When AnimationInstance is updated only when the object is being drawn, you in effect restrict the number of updates to the number of currently visible objects. I suppose you could argue that it's better to keep a separate list of active animation instances, but that solution would be pretty much identical to simply updating animation when the object is about to be drawn (since we use batching anyway).

If you notice, AnimationInstance also has a Last Update Time member, which is used for incremental updates. So when the animated object becomes visible after being invisible, Cache() function is called to update animation "for the first time" using the Time Started member (CurrentFrame = (Now - TimeStarted) Mod AnimationDuration). As long as animated object continues to be visible, Update() function is called for the animation instance, and it performs incremental updates (if Now >= LastTimeUpdated + AnimationFrameDuration then CurrentFrame++).

When every frame has the same duration, the cost of modulus instruction is negligible and incremental update mechanism is not really required. However I am planning to update my animation system to include a duration for every frame, so first-time update would involve looping through frames which could be slow, and incremental updates would be just as fast.

For a 3D game the animation update mechanism would work differently, because at any time there is a relatively low number of animated objects (environments are traditionally static), so coding animation updates (where you basically update the matrices for all bones and pass them to vertex shader) can be done on Update(). In addition, animation in 3D games often involves animation controllers, such as the ragdoll controller which gives up control of bone matrices to the physics system (inverse kinematics is in the same category). In 2D games on the other hand, you just play "walking" animation and then animate sprite position using physics. All we care about is that animation stops or changes when we need it to - trying to sync individual frames perfectly is normally not worth the trouble.
I hear you. I have animated tiles in my current game but it works a little different, kind of a bit like the flyweight pattern.

Rather than have each tile in the (potentially large) map contain information about the tile directly, I have a std::vector<> of MapCell structures, one per each distinct type of tile.

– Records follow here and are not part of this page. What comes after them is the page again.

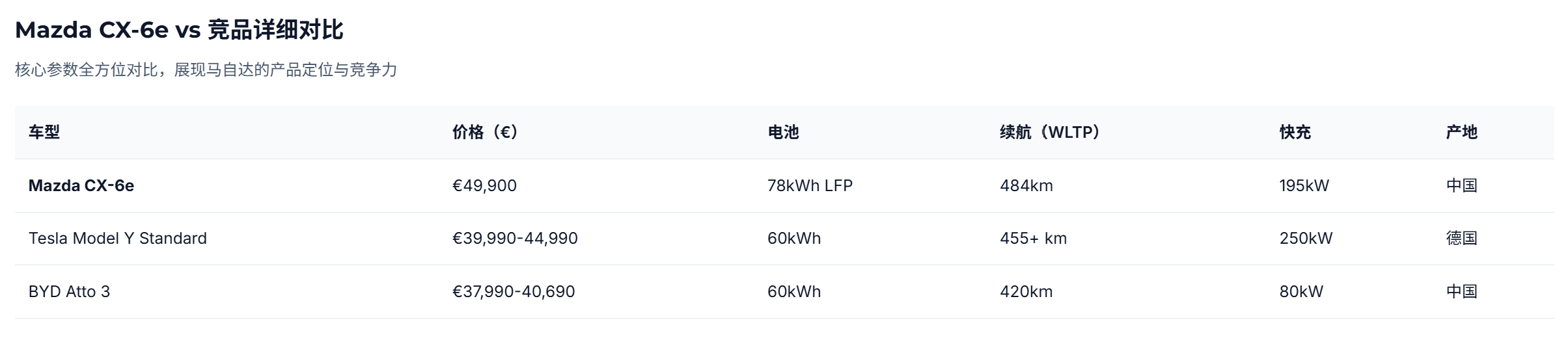 马自达Mazda确认将在中国生产的电动SUV以CX-6e车型导入欧洲,德国起售价49990欧元,今年夏天进入经销商体系。显示出中国制造正在被更多全球品牌”拿来即用”,欧洲竞争从品牌战转向体系战。
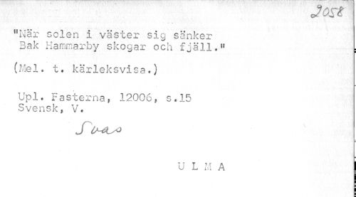 //// J ar* //// "När solen i väster sig sänker Bak Hammarby skogar och fjäll." : //// (Mel. t. kärleksvisa.) //// Upl. Fasterna, 12006, s.15 Svensk, V. //// ^ U L M A ////
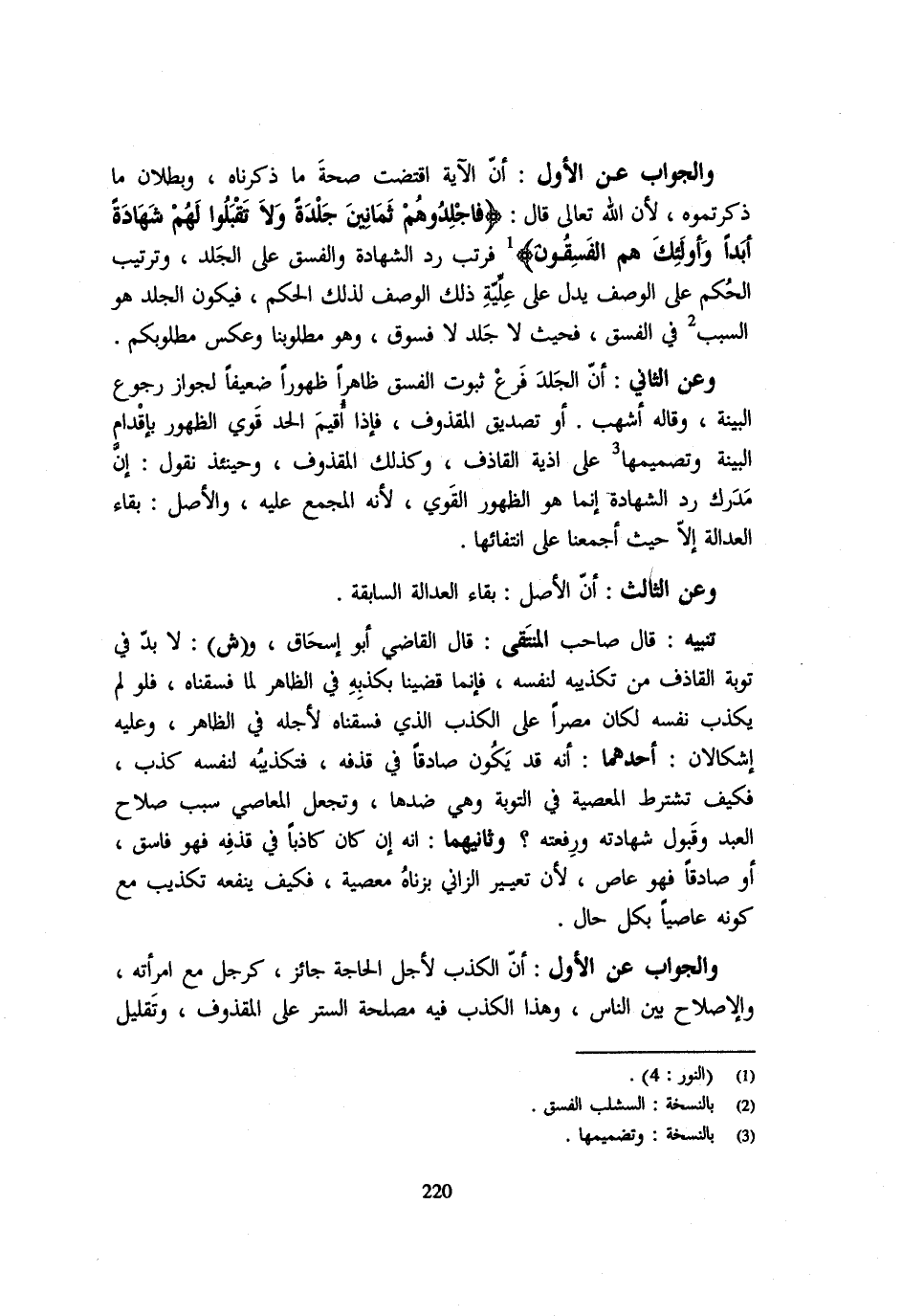 وَالْجَوَابُ عَنِ الْأَوَّلِ أَنَّ الْآيَةَ اقْتَضَتْ صِحَةَ مَا ذَكَرْنَاهُ وَبُطْلَانَ مَا ذَكَرْتُمُوهُ لِأَنَّ اللَّهَ تَعَالَى قَالَ {فَاجْلِدُوهُمْ ثَمَانِينَ جَلْدَةً وَلا تَقْبَلُوا لَهُمْ شَهَادَةً أبدا وَأُولَئِكَ هم الْفَاسِقُونَ} فَرَتَّبَ رَدَّ الشَّهَادَةِ وَالْفِسْقِ عَلَى الْجَلْدِ وَتَرْتِيبُ الحكم على الْوَصْف يدل على علية ذَلِك الْوَصْفِ لِذَلِكَ الْحُكْمِ فَيَكُونُ الْجَلْدُ هُوَ السَّبَبَ فِي الْفِسْقِ فَحَيْثُ لَا جَلْدَ لَا فُسُوقَ وَهُوَ مَطْلُوبُنَا وَعَكْسُ مَطْلُوبِكُمْ وَعَنِ الثَّانِي أَنَّ الْجلد فرع ثُبُوت الْفسق ظَاهرا ظُهُورًا ضَعِيفًا لِجَوَازِ رُجُوعِ الْبَيِّنَةِ وَقَالَهُ أَشْهَبُ أَوْ تَصْدِيقِ الْمَقْذُوفِ فَإِذَا أُقِيمَ الْحَدُّ قَوِيَ الظُّهُورُ بِإِقْدَامِ الْبَيِّنَةِ وَتَصْمِيمِهَا عَلَى أَذِيَّةِ الْقَاذِفِ وَكَذَلِكَ الْمَقْذُوفُ وَحِينَئِذٍ نَقُولُ إِنَّ مَدْرَكَ رَدِّ الشَّهَادَةِ إِنَّمَا هُوَ الظُّهُورُ الْقَوِيُّ لِأَنَّهُ الْمُجْمَعُ عَلَيْهِ الاصل بَقَاءُ الْعَدَالَةِ إِلَّا حَيْثُ أَجْمَعْنَا عَلَى انْتِفَائِهَا وَعَنِ الثَّالِثِ أَنَّ الْأَصْلَ بَقَاءُ الْعَدَالَةِ السَّابِقَةِ تَنْبِيهٌ قَالَ صَاحِبُ الْمُنْتَقَى قَالَ الْقَاضِي أَبُو اسحاق وش لابد فِي تَوْبَة الْقَاذِف من تَكْذِيبه لنَفسِهِ فَإِنَّمَا قَضَيْنَا بِكَذِبِهِ فِي الظَّاهِرِ لَمَّا فَسَّقْنَاهُ فَلَوْ لَمْ يُكَذِّبْ نَفْسَهُ لَكَانَ مُصِرًّا عَلَى الْكَذِبِ الَّذِي فَسَّقْنَاهُ لِأَجْلِهِ فِي الظَّاهِرِ وَعَلَيْهِ إِشْكَالَانِ أَحَدُهُمَا أَنَّهُ قَدْ يَكُونُ صَادِقًا فِي قَذْفِهِ فَتَكْذِيبُهُ لِنَفْسِهِ كَذِبٌ فَكَيْفَ تُشْتَرَطُ الْمَعْصِيَةُ فِي التَّوْبَةِ وَهِيَ ضِدُّهَا وَتُجْعَلُ الْمَعَاصِي سَبَبَ صَلَاحِ الْعَبْدِ وَقَبُولِ شَهَادَتِهِ وَرِفْعَتِهِ وَثَانِيهُمَا أَنَّهُ إِنْ كَانَ كَاذِبًا فِي قَذْفِهِ فَهُوَ فَاسِقٌ أَوْ صَادِقًا فَهُوَ عَاصٍ لِأَنَّ تَعْيِيرَ الزَّانِي بِزِنَاهُ مَعْصِيّة فَكيف يَنْفَعهُ تَكْذِيب مَعَ كَوْنِهِ عَاصِيًا بِكُلِّ حَالٍ وَالْجَوَابُ عَنِ الْأَوَّلِ أَنَّ الْكَذِبَ لِأَجْلِ الْحَاجَةِ جَائِزٌ كَرَجُلٍ مَعَ امْرَأَتِهِ وَالْإِصْلَاحِ بَيْنَ النَّاسِ وَهَذَا الْكَذِبُ فِيهِ مَصْلَحَةُ السَّتْرِ عَلَى الْمَقْذُوفِ وَتَقْلِيلُ
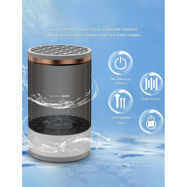 Makyaj fırçası temizleme makinesi, fırçalarınızı zahmetsizce temizlemenizi sağlayan pratik ve yenilikçi bir çözümdür. Tüm fırça boyutlarına uyumlu olarak tasarlanmıştır ve makyaj fırçalarına zarar vermeden derinlemesine temizlik sunar. Su haznesi üzerinde maksimum seviye göstergesi bulunur ve içerisine fırçalar kolayca yerleştirilir. Tek dokunuş sensörü sayesinde cihaz hızlıca çalışmaya başlar ve düşük gürültülü motoru ile konforlu bir kullanım sağlar. Enerji tasarruflu yapısı sayesinde çevre dostu bir üründür. Günlük makyaj rutininin hijyenik bir şekilde devam etmesi için ideal bir üründür.
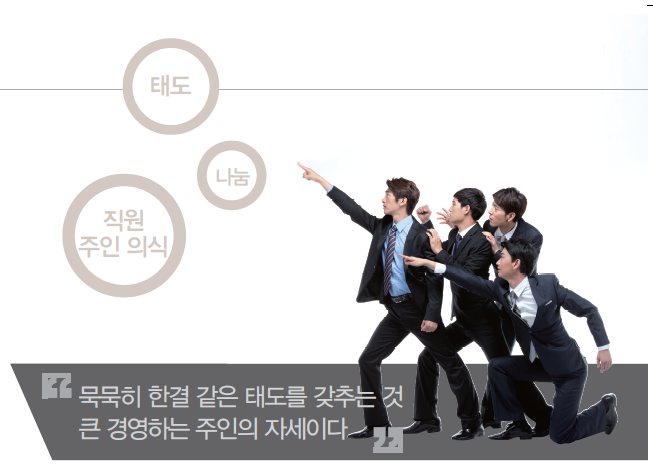 직원이 아무리 잘못했어도 고객 앞에서는 절대 꾸중하지 않고, 내가 하기 싫은 일은 직원도 하기 싫다는 걸 잘 알아 솔선수범하고, 칭찬을 할 일이 있으면 큰 목소리로 기쁘게 칭찬한다. 종업원이 낸 아이디어가 있다면 적극 받아들여 검토하고, 내가 자리를 비웠을 때 잘한 부분에 대한 평가를 더 높이 한다. 이것이 바로 직원의 주인의식을 높이는 방법이다.
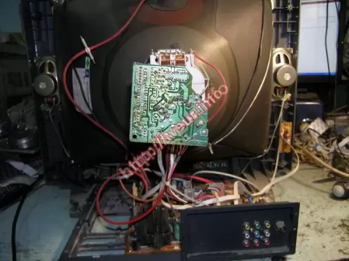 После 2-3 раз включения/выключения кинескопного телевизора, он перестал включатся совсем. Подобная проблема наблюдалась в телевизоре Sharp 21SFX10u. Ремонт телевизоров будет состоять в замене некоторых деталей в модуле питания.
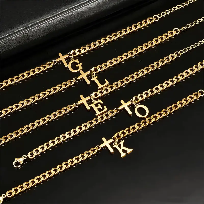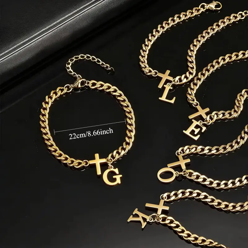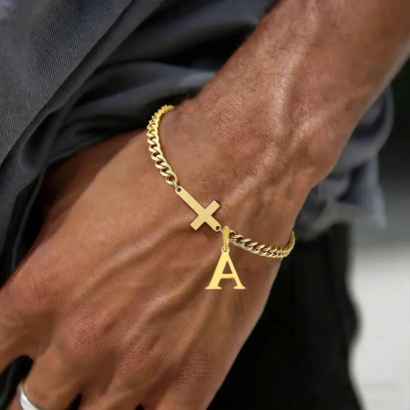 1pc Men's Cross Letter Bracelet, Stainless Steel, 26 Initials A H L E C G J K L M R S Z, Pendant Bracelet, Waterproof, Anti-oxidant, Suitable for Parties, Birthdays, and Events
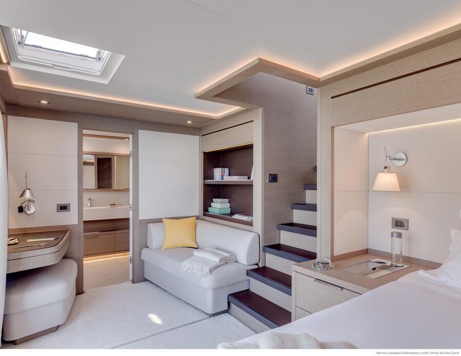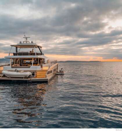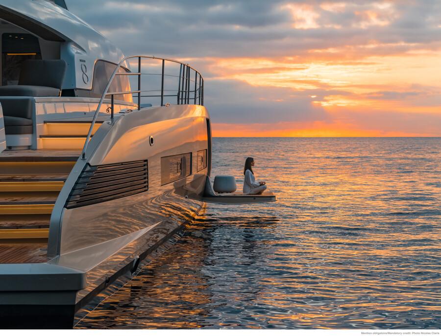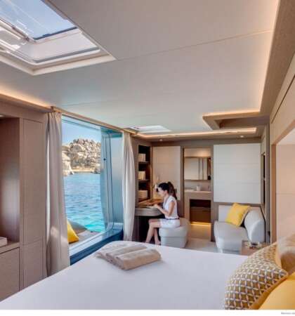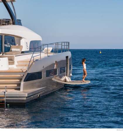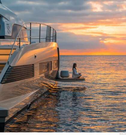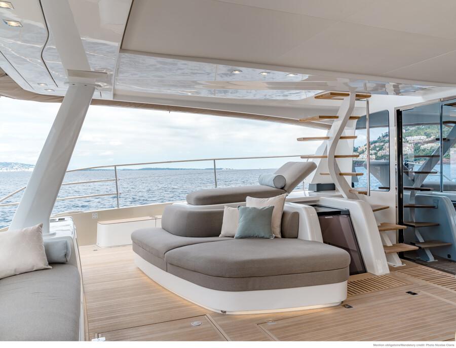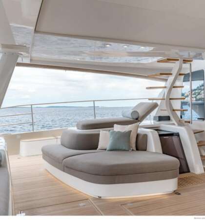 Su cubierta y salón ofrecen un diseño abierto con vistas panorámicas, proporcionando una sensación de amplitud y lujo inigualable.
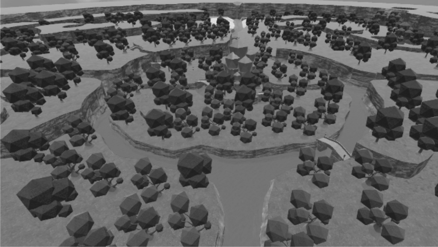 This is a magical Squirrel Forest! The squirrels live peacefully there, protected by the mountains and the large trees that surround it.
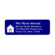 Label sagt, dass wir umgezogen sind und mit Ihrem Namen und Ihrer neuen Adresse personalisiert sein können. Das ist ein fünfeckiges Haus neben dem Text. Der Text ist weiß. Der Hintergrund ist marineblau.
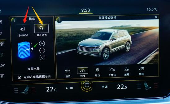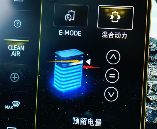 上图显示的途锐eHybrid动力电池电量处于红色箭头所指的状态。通过白色箭头,将动力电池电量升至黄色箭头所指的高位,此时途锐eHybrid处于预留电量模式,由于动力电池电量没有低于最低阈值,车辆会通过“行车充电”将动力电池电量提升至预设状态,而不会通过“怠速充电”进行强制充电。
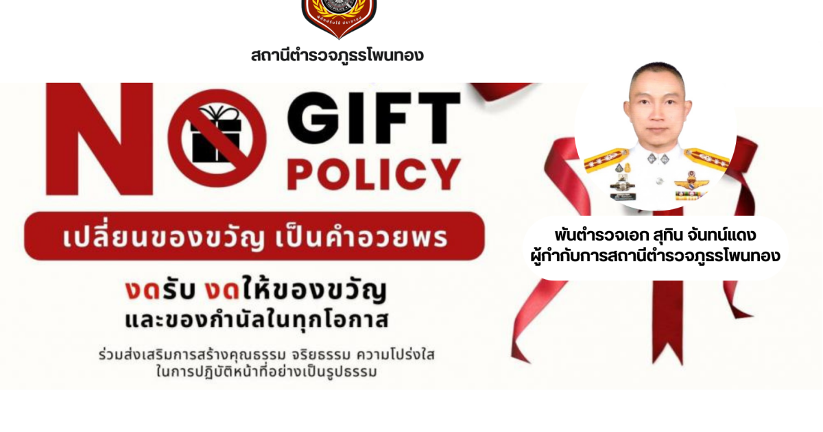 ประชาสัมพันธ์ข้อมูลการประเมินคุณธรรมและความโปร่งใสในการดำเนินงาน ของหน่วยงานภาครัฐ (Integrity & Transparency Assessment : ITA) โดย / ข่าวประชาสัมพันธ์,ข่าวกิจกรรม สถานีตำรวจภูธรโพนทอง จังหวัดเลยประชาสัมพันธ์การประเมินคุณธรรมและความโปร่งใสในการดำเนินงานของหน่วยงานภาครัฐ ของสถานีตำรวจภูธรโพนทอง ประจำปีงบประมาณ พ.ศ.2568 โดยมี พ.ต.อ.สุทิน จันทน์แดง ผกก.สภ.โพนทอง กำหนดนโยบายไม่รับของกำนัล
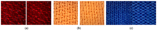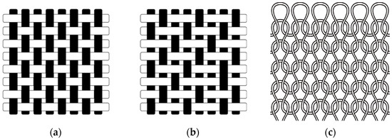 Images of three specimens with different fabric constructions taken by an image analyzer. (a) Plain-woven fabric; (b) twill-woven fabric; and (c) plain knit.
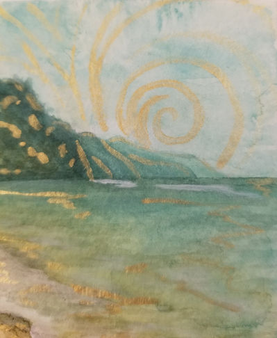 WATERCOLOR AND ACRYLIC ON PAPER.
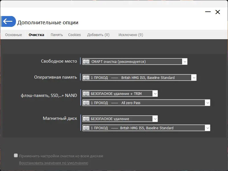 - Обеспечивается интеллектуальная очистка свободного места с учетом уже обнуленных секторов, что значительно ускоряет процесс.
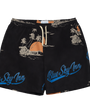 Recycled Nylon all over printed swim trunks with slant side pockets and velcro pocket on back with metal rivet

The Map data itself is just a grid of ints that each index into this vector. When retrieving information from the Map about the tile at a particular location, I grab the int from the location in the map then use this to index into the MapCell in the std::vector.

In essence, each cell of the same type "shares" the attribute information in this vector.

With animations, each MapCell structure contains an Animation instance and when the cell is drawn, the frame to use is gained by grabbing the int, indexing into the MapCell array and then querying the Animation instance for the frame.

Each game loop, I just run through the MapCell vector and call Update() on each Animation, so this is done once per type of cell, not once per actual cell.

Obviously this means each type of cell will have to run its animation in sync with all the others of the same type, but it avoids the issues you describe above, as well as making the map smaller and gives animated map tiles with a small overhead that is not related to the size of the map.

So we can go back to seperating update logic from render logic.

I can also then add additional attributes to each type of cell without it increasing the size of the map itself.
Yeah, this was actually on my todo list for the past two months, but I didn't realize this would also help with tile animation. I thought I would just have a function called Optimize() that the map editor would call when saving the user-edited map. All tiles would be saved in a 1D array, so then I would sort and remove duplicates, then re-point the 2D array of pointers to tiles. Currently my engine already uses 1D array of tiles and 2D array of tile pointers, so this would be the logical next step.

I also cache all the visible tiles for the camera, by "expanding" them to contain their pixel coordinates, changing all indexes to pointers, etc. So there would be no cache cost of accessing through pointers in the 2D array when drawing, and the whole visible tile cache would probably fit in the L1/L2.